* TASK GOAL *
Would you transcribe the records below from the line with "- Click the" to the line with "ここでフォルダ名(画像だと0", ends included, exactly and with nothing more, leaving the pictures out?
======== STUDY MATERIAL
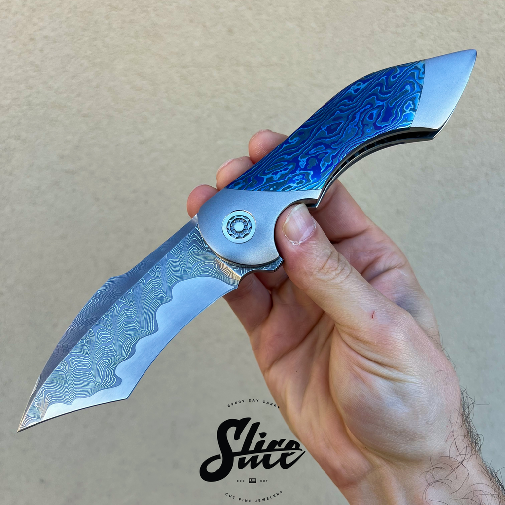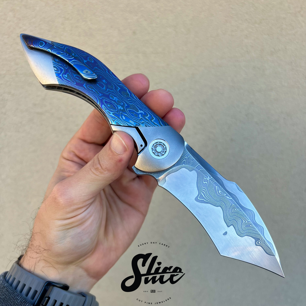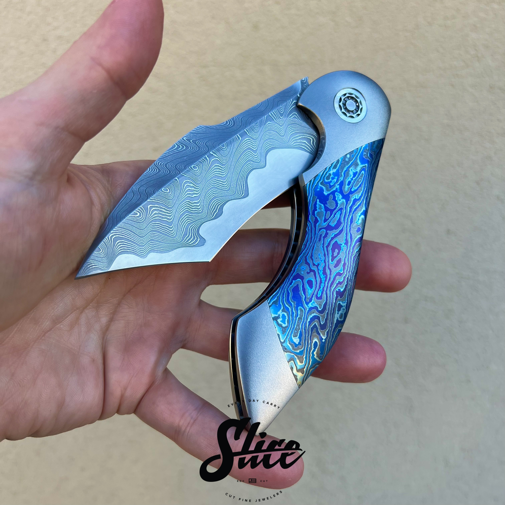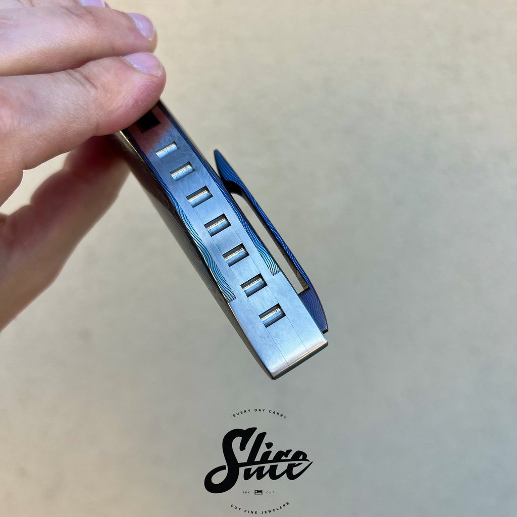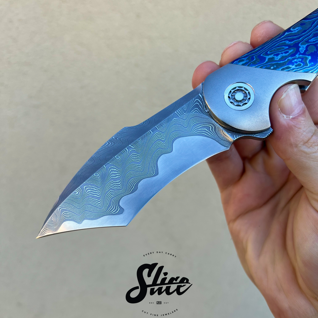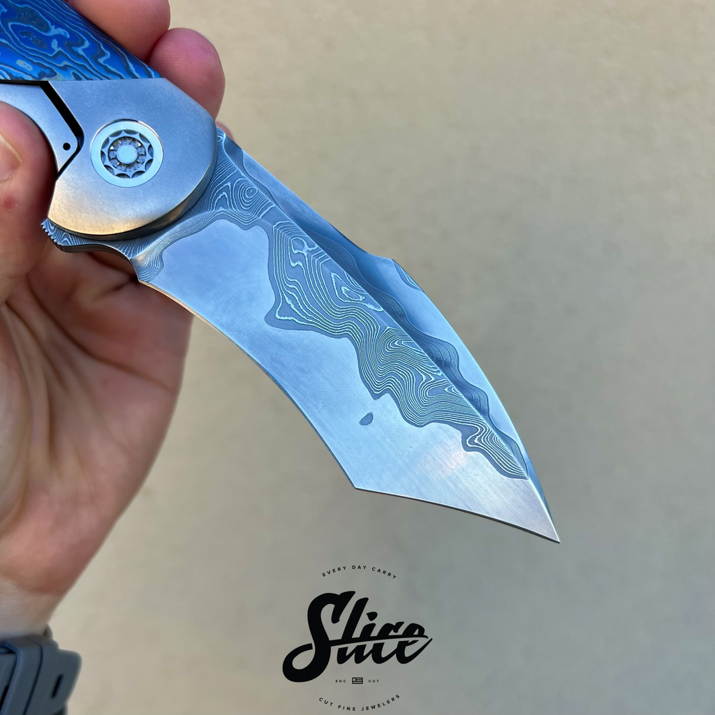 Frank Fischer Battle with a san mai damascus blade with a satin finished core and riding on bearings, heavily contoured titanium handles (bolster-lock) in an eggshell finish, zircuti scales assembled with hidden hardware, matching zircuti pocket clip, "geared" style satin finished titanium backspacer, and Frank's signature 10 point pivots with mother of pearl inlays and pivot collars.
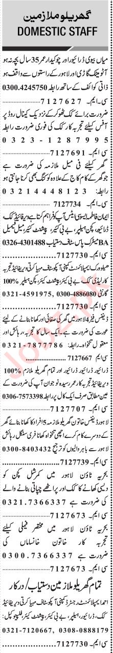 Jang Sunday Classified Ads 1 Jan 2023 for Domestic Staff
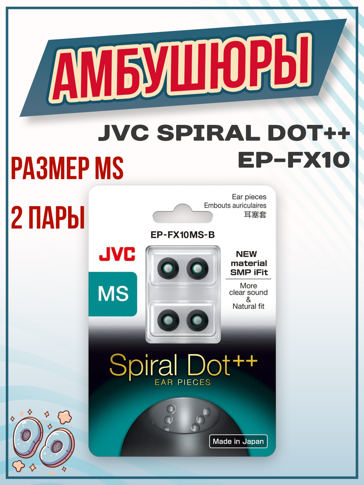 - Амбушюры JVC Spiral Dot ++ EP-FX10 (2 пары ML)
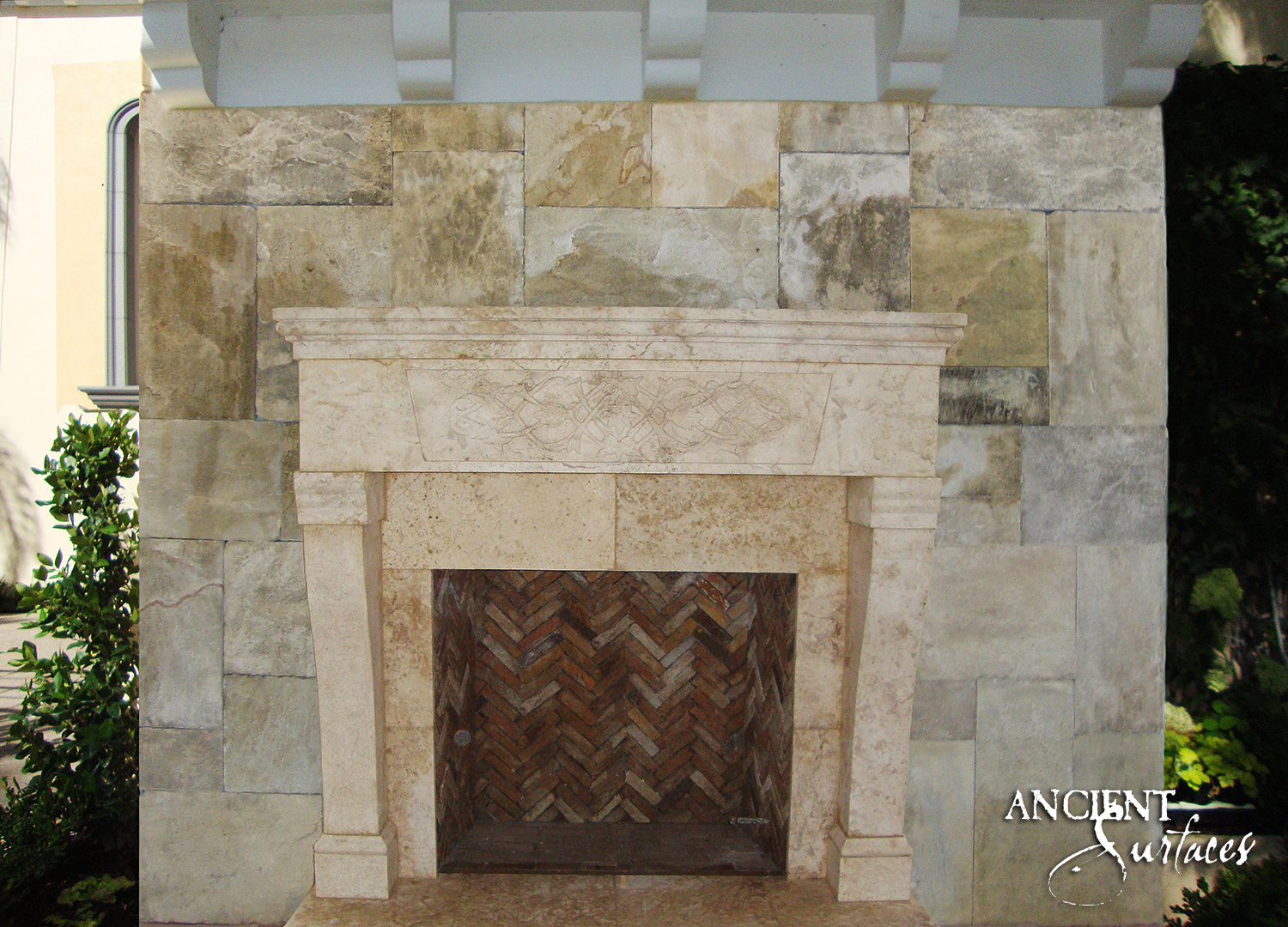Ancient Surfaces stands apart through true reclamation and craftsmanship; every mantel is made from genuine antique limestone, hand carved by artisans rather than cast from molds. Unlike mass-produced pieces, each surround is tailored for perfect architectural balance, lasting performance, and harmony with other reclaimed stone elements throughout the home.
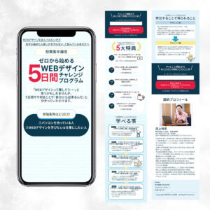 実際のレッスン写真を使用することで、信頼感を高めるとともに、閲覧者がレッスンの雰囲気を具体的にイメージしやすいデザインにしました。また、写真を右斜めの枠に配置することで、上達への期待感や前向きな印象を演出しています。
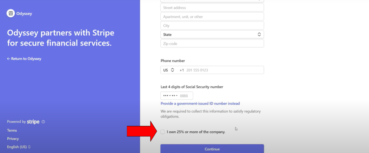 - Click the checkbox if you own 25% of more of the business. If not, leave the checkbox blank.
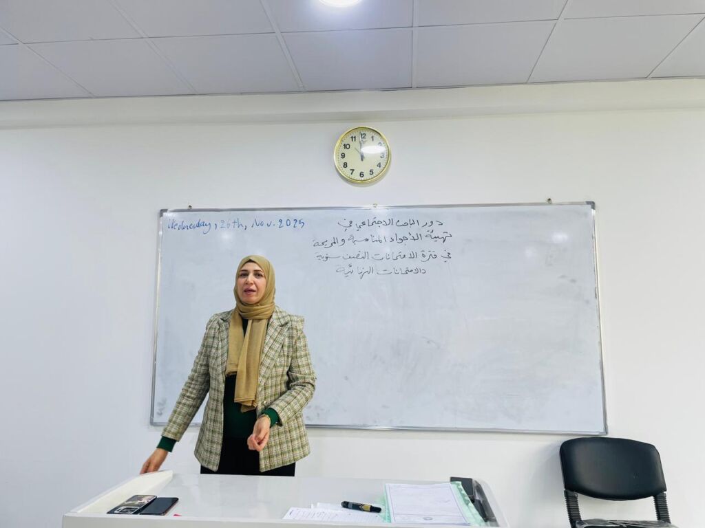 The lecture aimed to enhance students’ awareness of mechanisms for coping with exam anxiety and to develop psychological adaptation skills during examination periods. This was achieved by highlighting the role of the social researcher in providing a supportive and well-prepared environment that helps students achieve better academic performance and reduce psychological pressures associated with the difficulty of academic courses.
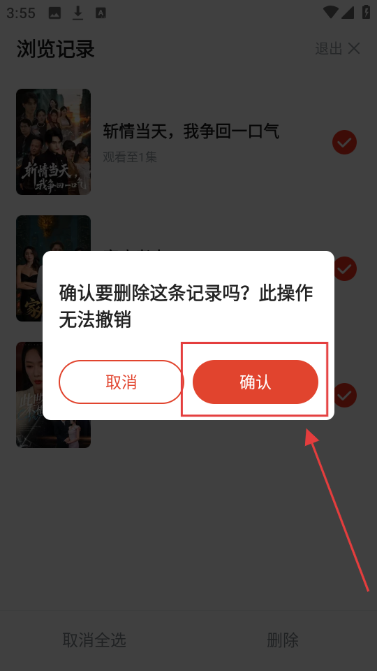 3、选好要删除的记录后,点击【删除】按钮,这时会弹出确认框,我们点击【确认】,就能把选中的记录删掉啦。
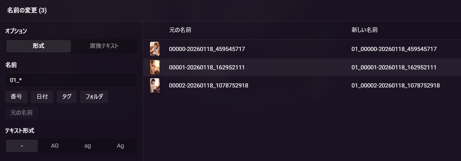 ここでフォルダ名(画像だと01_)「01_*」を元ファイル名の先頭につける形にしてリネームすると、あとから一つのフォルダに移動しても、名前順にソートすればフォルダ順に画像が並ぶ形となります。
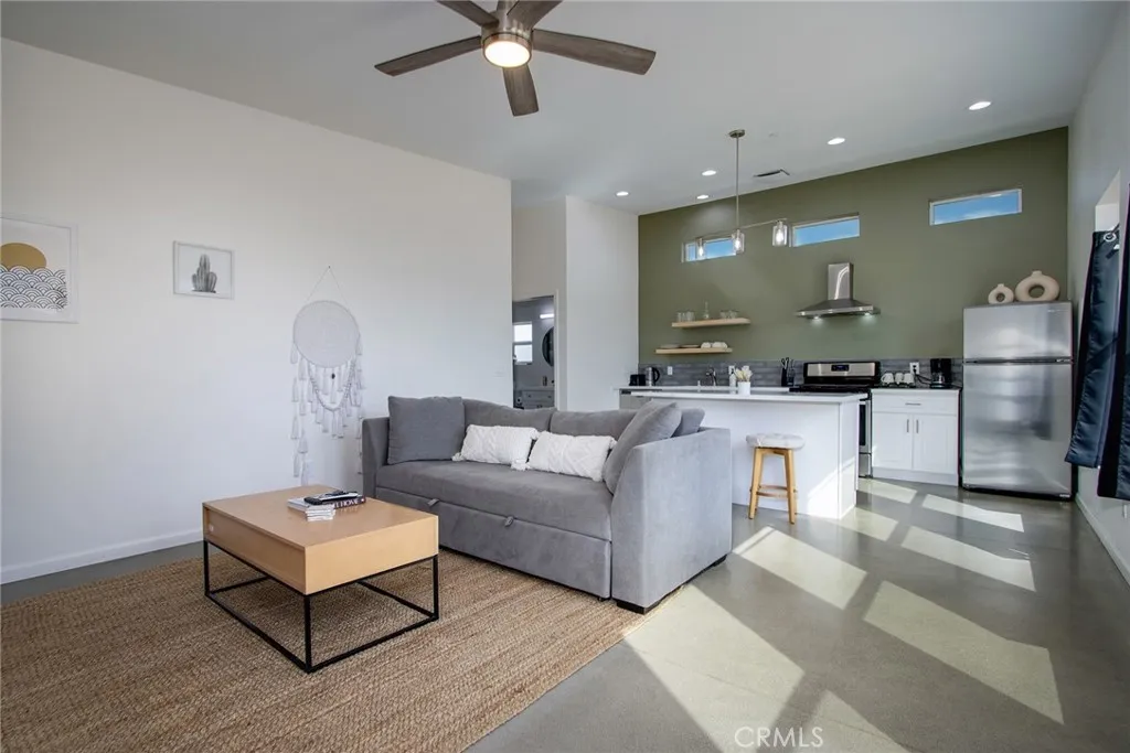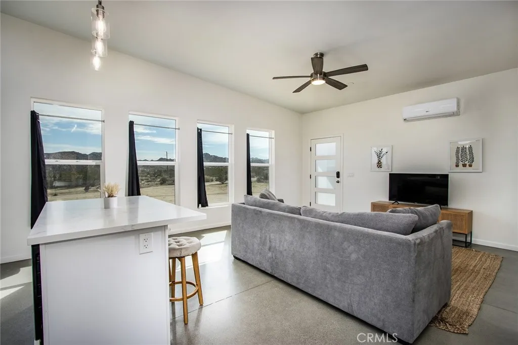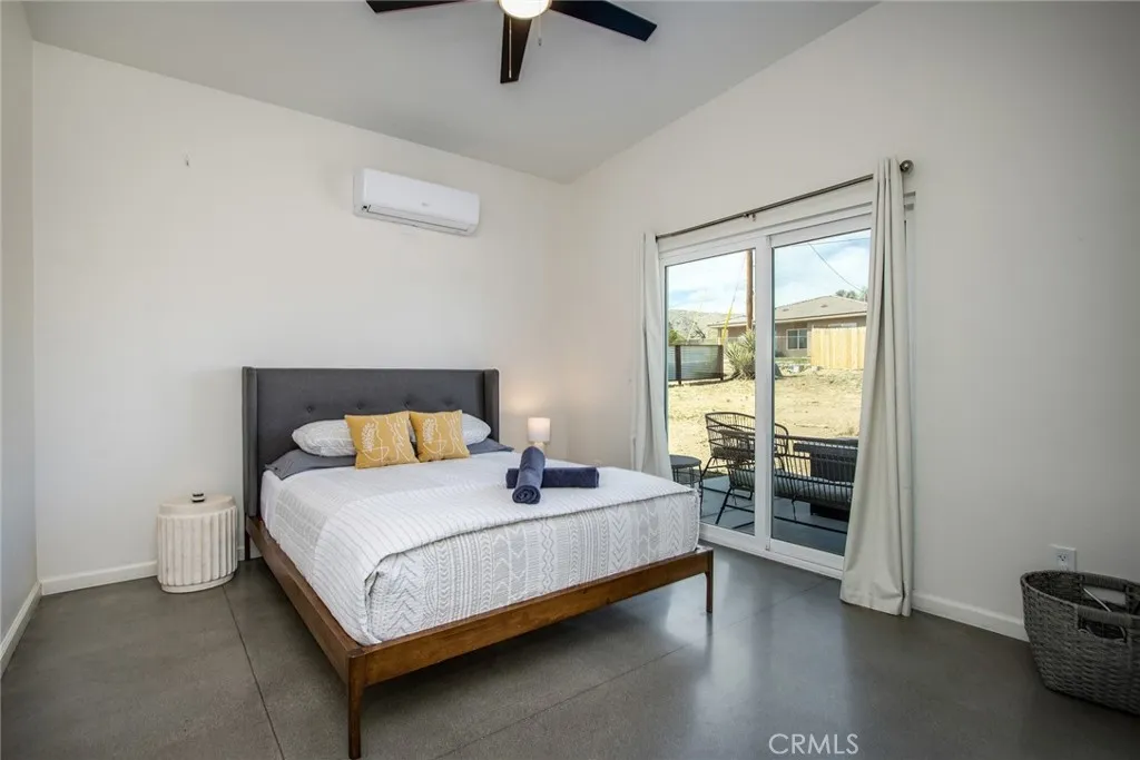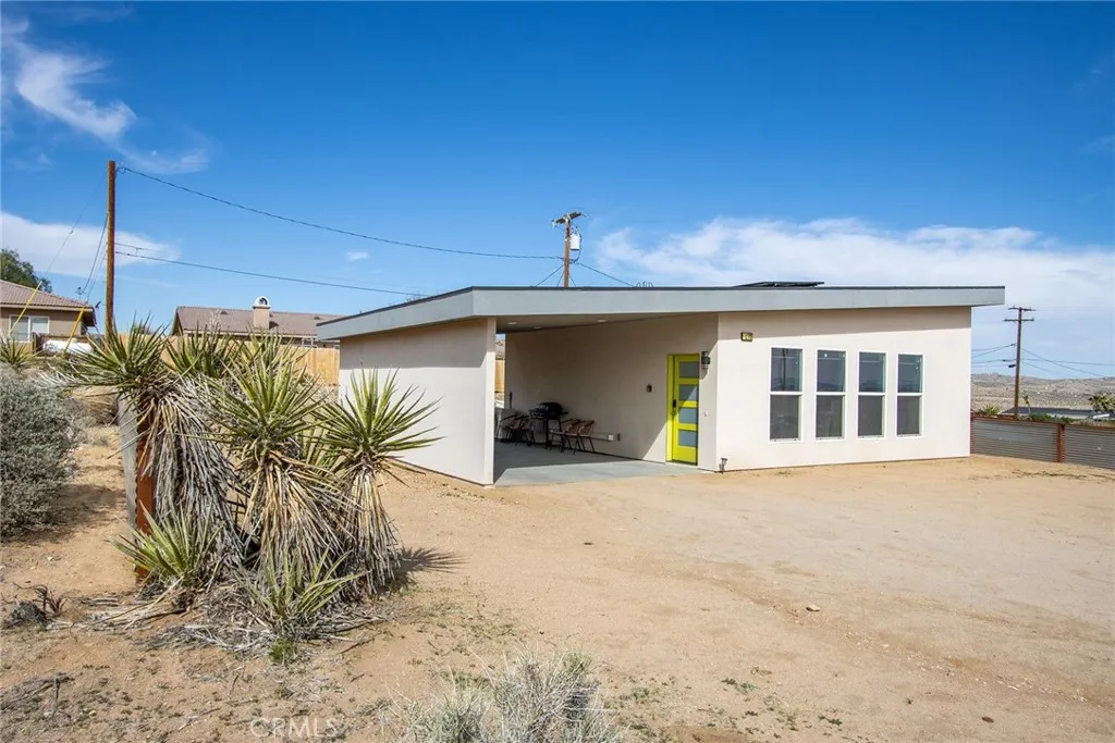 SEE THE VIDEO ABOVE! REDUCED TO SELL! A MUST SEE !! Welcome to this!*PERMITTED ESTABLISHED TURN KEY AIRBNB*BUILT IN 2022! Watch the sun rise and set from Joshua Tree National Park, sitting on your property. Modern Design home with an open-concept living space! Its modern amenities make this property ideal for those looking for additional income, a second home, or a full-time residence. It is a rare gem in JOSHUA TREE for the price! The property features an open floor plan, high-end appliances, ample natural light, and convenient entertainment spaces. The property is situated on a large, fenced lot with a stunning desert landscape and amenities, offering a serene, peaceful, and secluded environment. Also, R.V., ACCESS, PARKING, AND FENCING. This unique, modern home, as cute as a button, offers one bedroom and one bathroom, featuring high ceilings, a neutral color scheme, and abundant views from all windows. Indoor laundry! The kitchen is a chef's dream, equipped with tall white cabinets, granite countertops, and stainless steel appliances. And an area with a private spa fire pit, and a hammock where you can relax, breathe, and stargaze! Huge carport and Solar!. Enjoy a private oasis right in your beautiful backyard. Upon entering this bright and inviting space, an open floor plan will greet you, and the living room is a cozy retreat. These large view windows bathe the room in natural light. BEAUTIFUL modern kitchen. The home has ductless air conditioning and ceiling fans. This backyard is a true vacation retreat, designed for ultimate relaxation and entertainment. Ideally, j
================
* YOUR SOLUTION *
 - Click the checkbox if you own 25% of more of the business. If not, leave the checkbox blank.
 The lecture aimed to enhance students’ awareness of mechanisms for coping with exam anxiety and to develop psychological adaptation skills during examination periods. This was achieved by highlighting the role of the social researcher in providing a supportive and well-prepared environment that helps students achieve better academic performance and reduce psychological pressures associated with the difficulty of academic courses.
 3、选好要删除的记录后,点击【删除】按钮,这时会弹出确认框,我们点击【确认】,就能把选中的记录删掉啦。
 ここでフォルダ名(画像だと01_)「01_*」を元ファイル名の先頭につける形にしてリネームすると、あとから一つのフォルダに移動しても、名前順にソートすればフォルダ順に画像が並ぶ形となります。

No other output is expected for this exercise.